Eat & Drink

The Occidental Tourist

The insider’s guide to Ace Eat Serve in Uptown.
May 2013

Glazed pork spareribs and crispy beef are two of the other recognizable dishes. The pork, a stacked crosshatch of pink, meaty ribs, is sticky, sweet, and tender in precisely the right proportions. If you want some added heat, dip the ribs into the accompanying hot yellow mustard. The crispy beef, made from tender strips of flank steak flash-fried and tossed in a mixture of honey, tamari, ginger, and garlic, is more tame but equally satisfying. The crispy outer layer earns bonus points for texture.

Because part of the fun at Ace is trying things you may not have had before, sample the bao buns—sweet, squishy buns that have been stuffed with braised meats. Order them filled with short rib—this beef has been marinated overnight in Asian pears, sesame oil, sesame seeds, green onion, and chile paste, then braised, shredded, and brushed with hoisin sauce. Served with hot-sour kimchi and a side of pickled mustard seeds, the buns are seductive enough that you’ll immediately order another round for the table. (I have noticed, however, that the quality of the buns varies—sometimes they’re pillowy; other times they fall apart.) You might also try the banh mi, a Vietnamese sandwich made from a crispy French baguette spread with pâté and stacked with pickled vegetables and either chicken, pork belly, short rib, or char siu pork. This is no dainty sandwich, and like the rest of the menu, it’s best to share.

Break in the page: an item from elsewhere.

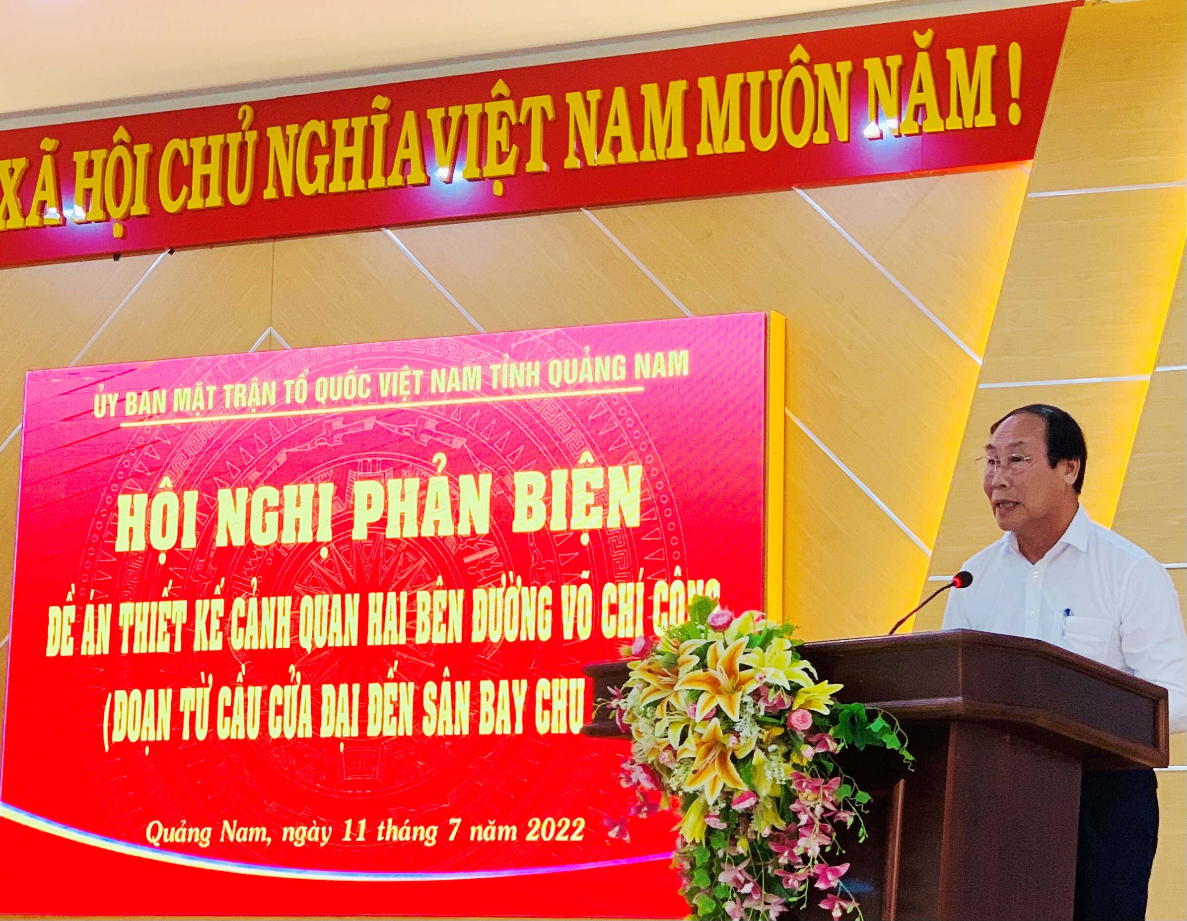 Hội nghị được nghe đại diện cơ quan chủ trì soạn thảo trình bày một số nội dung cơ bản của Đề án; và những nội dung gợi ý trọng tâm được nhấn mạnh cần tham gia thảo luận của đồng chí chủ trì; trên cơ sở đó, với tinh thần thẳng thắn, xây dựng, các đại biểu tham dự hội nghị đánh giá cao về mục đích, ý nghĩa của việc tổ chức hội nghị phản biện xã hội này, tập trung trao đổi, thảo luận, tham gia nhiều ý kiến vào dự thảo của Đề án, trong đó tập trung một số nội dung chính nhằm đóng góp ý tưởng để hoàn thiện Thiết kế cảnh quan hai bên đường Võ Chí Công (đoạn từ cầu Cửa Đại đến sân bay Chu Lai) như về tầm nhìn, định hướng phát triển cảnh quan hai bên đường Võ Chí Công trong định hướng phát triển vùng Đông Quảng Nam và dãi ven biển, hướng đến phát triển du lịch xanh, đô thị và công nghiệp sinh thái; Các ý tưởng xây dựng Đại lộ Võ Chí Công bảo đảm tính phù hợp với kiến trúc không gian, kiến trúc cảnh quan đô thị tương lai của tỉnh, trở thành trục cảnh quan ven biển tiêu biểu của tỉnh Quảng Nam, là biểu tượng mới về văn hóa và phát huy giá trị kinh tế, gồm: Nhận diện các đặc trưng và phân vùng cảnh quan trên toàn tuyến; Các yếu tố truyền thống, các đặc trưng có thể khai thác để tạo nên đặc trưng riêng của Quảng Nam; Ý tưởng về các công trình biểu tượng, điểm nhấn, cửa ngõ trên toàn tuyến và cho từng đô thị, khu chức năng cụ thể và tính khả thi của phương án thiết kế; phương thức triển khai thực hiện.

As your guide, I have to be honest: Not every dish is worthy of a Facebook brag. The red curry beef is disappointing. The strips of flank steak are tender, but they drown in  a curry made overly salty from too much shrimp paste. The same is true of the chow fun, a noodle dish that, oddly, lacks many of the wide rice noodles most of us have come to expect (at least, it did the night I ordered it). Folks, I can adjust to the lack of noodles, but I can’t abide the cloying oyster sauce I tasted for hours after dinner.

A couple more gripes: While some of the dishes are heavy-handed, others suffer from a light touch. The papaya salad—often a crunchy sweet-tart blend of green papaya, Thai chiles, and peanuts—is mystifying in its blandness. The kale salad and chicken-and-basil dumpling were similarly lifeless and in need of lemon, soy…something.

Here’s my take: Because Biederman fills the executive chef shoes at both Ace and Steuben’s, the problems are likely caused by a lack of kitchen oversight. But don’t let the occasional misstep deter you from coming back. I mean, look around—there’s life and vibrancy here. To improve your odds of ordering something great, ask your servers for input. The enthusiastic waitstaff has been trained to put guests at ease.

We’ve come to the end of our tour, but before I let you go: Ace is ideal for budget-minded guests. Twenty bucks will get you a huge, steaming bowl of noodles and a cocktail. Sixty bucks will cover three filling small plates, two cocktails, and a too-big-to-finish slice of pineapple upside-down cake. Plus, there’s ping-pong before and after dinner.

Before we head out, one final thought: Americans often travel to Asia because it’s stimulating, inexpensive, and unlike anything they’re used to. For those very same reasons, Denver residents will likely come to Ace—in droves.